**Provided data:**

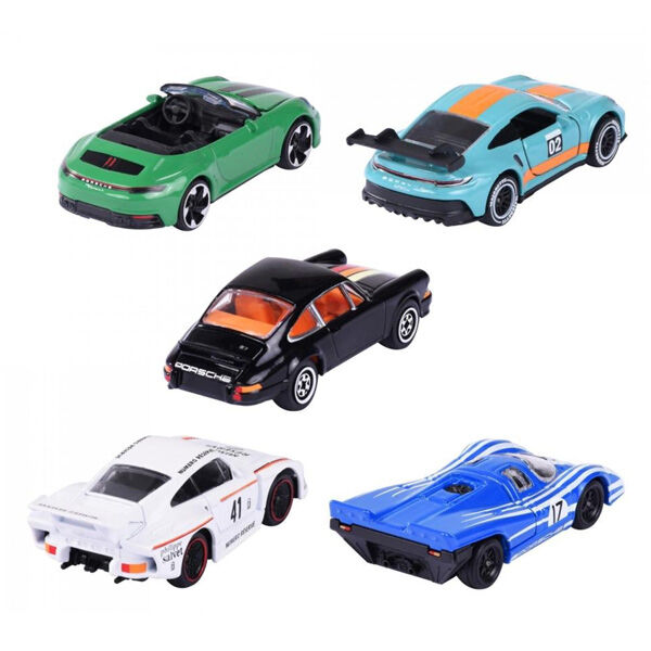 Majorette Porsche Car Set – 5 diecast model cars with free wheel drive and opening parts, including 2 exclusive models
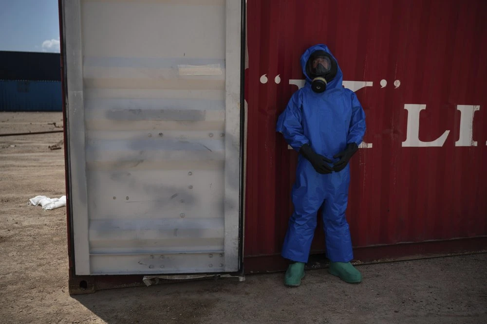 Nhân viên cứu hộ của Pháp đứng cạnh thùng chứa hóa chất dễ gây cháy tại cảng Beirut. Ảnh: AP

==

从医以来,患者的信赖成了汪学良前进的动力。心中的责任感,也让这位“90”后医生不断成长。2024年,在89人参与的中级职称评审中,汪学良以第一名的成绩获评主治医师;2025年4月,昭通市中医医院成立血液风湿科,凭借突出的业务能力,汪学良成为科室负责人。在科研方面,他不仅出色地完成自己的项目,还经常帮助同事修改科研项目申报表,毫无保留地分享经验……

**Your instructions:** Print from the line containing "Majorette Porsche Car" through the line containing "Nhân viên cứu" in the data above, exactly as the lines stand, and omit every picture.

**Task result:**
 Majorette Porsche Car Set – 5 diecast model cars with free wheel drive and opening parts, including 2 exclusive models
 Nhân viên cứu hộ của Pháp đứng cạnh thùng chứa hóa chất dễ gây cháy tại cảng Beirut. Ảnh: AP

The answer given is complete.